[Bug]: jupysql + DuckDB -- reading json lines fails to parallelise across threads
What happened?
I'm using DuckDB in JupyterLab with jupysql (0.7.4) and running into a funny performance issue, where I'm not seeing parallel loading of JSON lines files that I see when I use DuckDB via the Python API directly. (I've just been eye-balling htop to see when all my threads light up, or if only one is used)
Note that %config SqlMagic.autopandas = False was set for the following comparisons.
%%sql tmp <<
-- this does *not* parallelise
select 1 from read_ndjson_auto('jsonl_data/*.jsonl')
# whereas running in python *does* parallelise
# doing a fetchall to match jupysql automatically pulling the complete set
results = duckdb.sql(f"select 1 from read_ndjson_auto('jsonl_data/*.jsonl')").fetchall()
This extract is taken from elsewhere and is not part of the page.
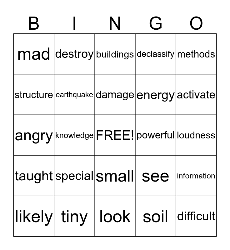This bingo card has a free space and 24 words: special, tiny, damage, likely, methods, mad, structure, destroy, powerful, small, energy, angry, see, information, earthquake, soil, loudness, buildings, activate, knowledge, difficult, taught, declassify and look.

Weirdly, I worked out that the following variations on the above query do in fact allow parallelisation:
- adding a
limitclause countthe rows insteadpartitionover the results
%%sql tmp <<
-- this *does* parallelise
select 1 from read_ndjson_auto('jsonl_data/*.jsonl') limit 100000000
%%sql tmp <<
-- this *does* parallelise
select count() from read_ndjson_auto('jsonl_data/*.jsonl')
%%sql tmp <<
-- this *does* parallelise
select row_number() OVER (PARTITION BY id) as seqnum from read_ndjson_auto('jsonl_data/*.jsonl')
Here's a Python function to generate some dummy JSON lines data for debugging. (with these defaults, writes about 7GB to disk):
def make_dummy_jsonl(path, num_files=200, length=1_000_000):
target_path = Path(path)
target_path.mkdir(parents=True, exist_ok=True)
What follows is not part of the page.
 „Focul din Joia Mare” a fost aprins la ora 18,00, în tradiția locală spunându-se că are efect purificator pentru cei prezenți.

for file_num in range(1, num_files + 1):
data = [
{
"id": row_num,
"val1": randrange(100),
"val2": randrange(100),
"val3": randrange(100),
}
for row_num in range(1, length + 1)
]
with open(target_path / f"dummy_{file_num:03}.jsonl", "w") as file:
file.write("\n".join(json.dumps(row) for row in data))
make_dummy_jsonl("jsonl_data")
While putting this together I realised that there is actually no parallelisation for DuckDB 7.1.0, and I needed to use a 0.7.2 pre-release to get any parallelisation, even in the Python example. So it could be a little premature to be debugging this.
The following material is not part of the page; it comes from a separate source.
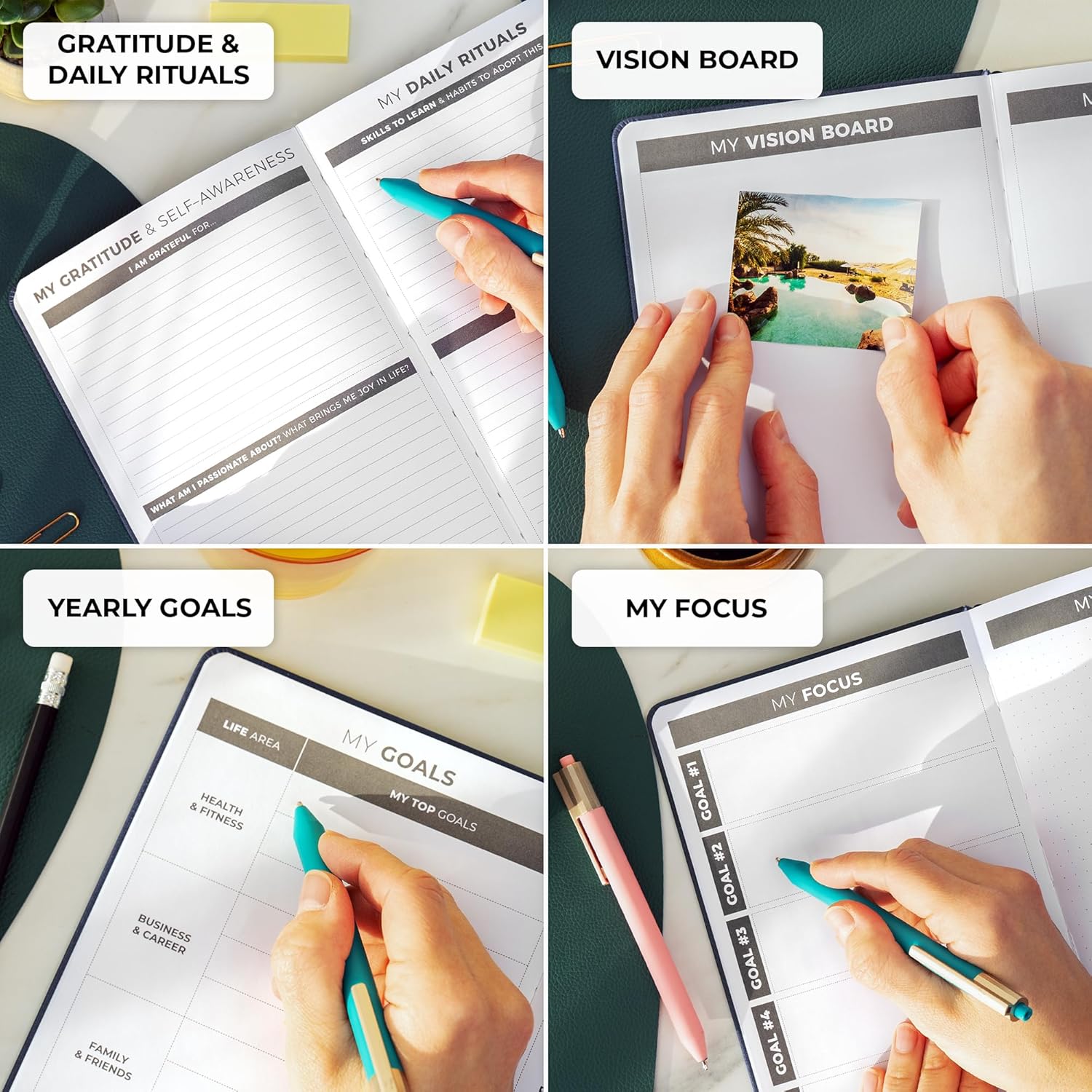 • DAILY, WEEKLY & MONTHLY PLANNING / REVIEW: Use detailed daily, weekly, and monthly planning pages to plan your agenda, set goals, and track habits. The planning notebook also has weekly reviews will regularly evaluate your progress.

Also, not sure if this is the right place for this issue, but it's a starting point and can move if needed.
DuckDB Engine Version
0.7.0
DuckDB Version
0.7.2.dev2699
SQLAlchemy Version
2.0.11
Relevant log output
No response
Code of Conduct
- [X] I agree to follow this project's Code of Conduct
I just took magic_duckdb for a spin (a DuckDB specific SQL magic tool for Jupyter) and found that parallelisation works with it. Furthermore, magic_duck seems to be generally faster that JupySQL, offering comparable speeds to using DuckDB directly. I realised during all this testing that queries in JupySQL suffer a noticeable performance hit.